As of the census of 2000, there were 18,036 people, 5,872 households, and 4,474 families residing in the town. These residents are often referred to as either "Nortonites" or "Nortonians", though the term "Norts" is often used in colloquial context. The population density was 628.3 PD/sqmi. There were 5,961 housing units at an average density of 207.7 /sqmi. The racial makeup of the town was 92.15% White, 1.16% African American, 0.13% Native American, 1.00% Asian, 0.01% Pacific Islander, 4.47% from other races, and 1.08% from two or more races.
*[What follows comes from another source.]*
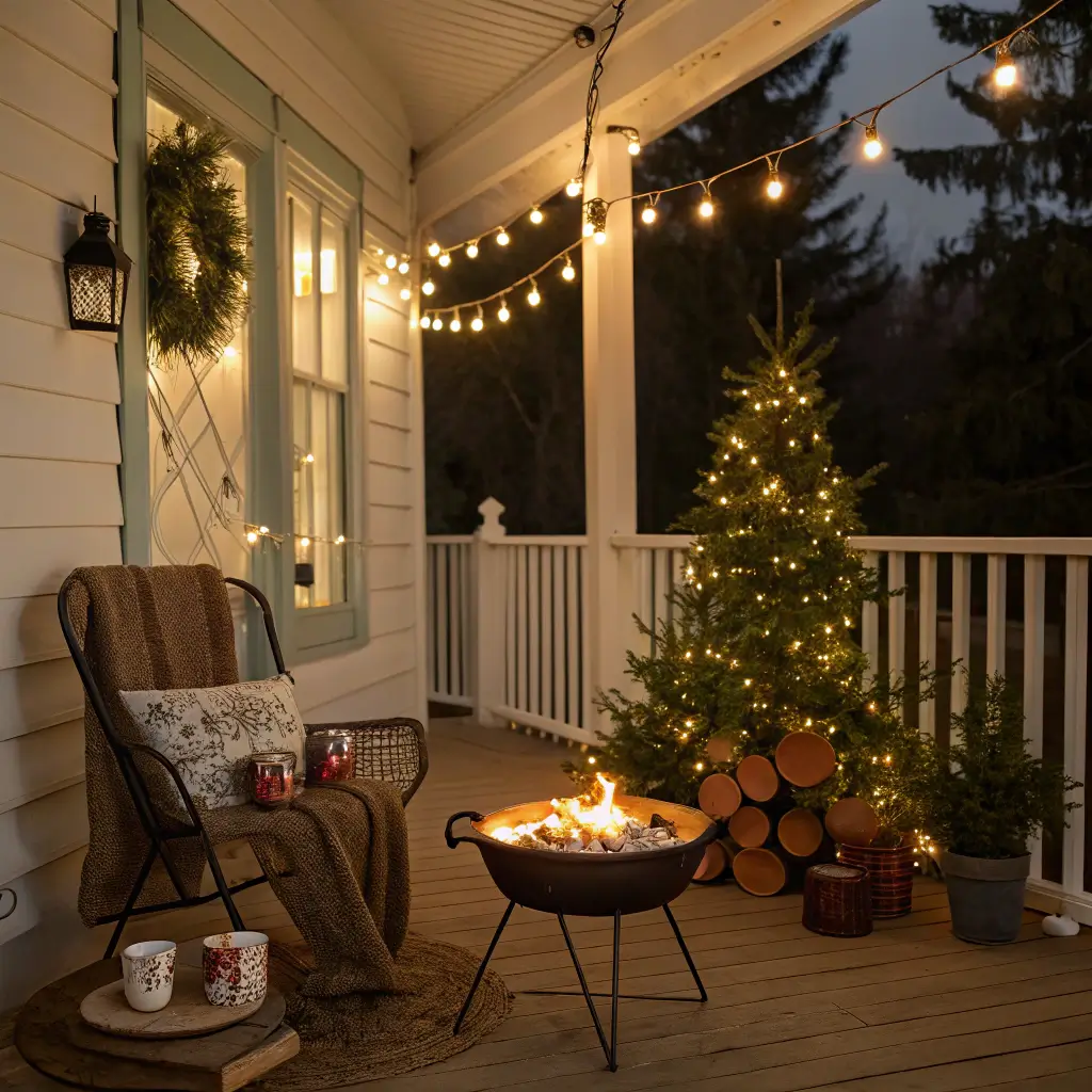 Position a tabletop fire pit as your centerpiece, surrounded by comfortable seating loaded with blankets. Set up a hot cocoa station on a vintage cart or side table. The goal? Creating an irresistible gathering spot.

Hispanic or Latino of any race were 1.14% of the population.

There were 5,872 households, out of which 42.3% had children under the age of 18 living with them, 61.8% were married couples living together, 10.8% had a female householder with no husband present, and 23.8% were non-families. 19.3% of all households were made up of individuals, and 6.9% had someone living alone who was 65 years of age or older. The average household size was 2.79 and the average family size was 3.22.

In the town, the population was spread out, with 27.0% under the age of 18, 12.6% from 18 to 24, 32.2% from 25 to 44, 20.5% from 45 to 64, and 7.8% who were 65 years of age or older. The median age was 33 years. For every 100 females, there were 90.7 males. For every 100 females age 18 and over, there were 86.1 males.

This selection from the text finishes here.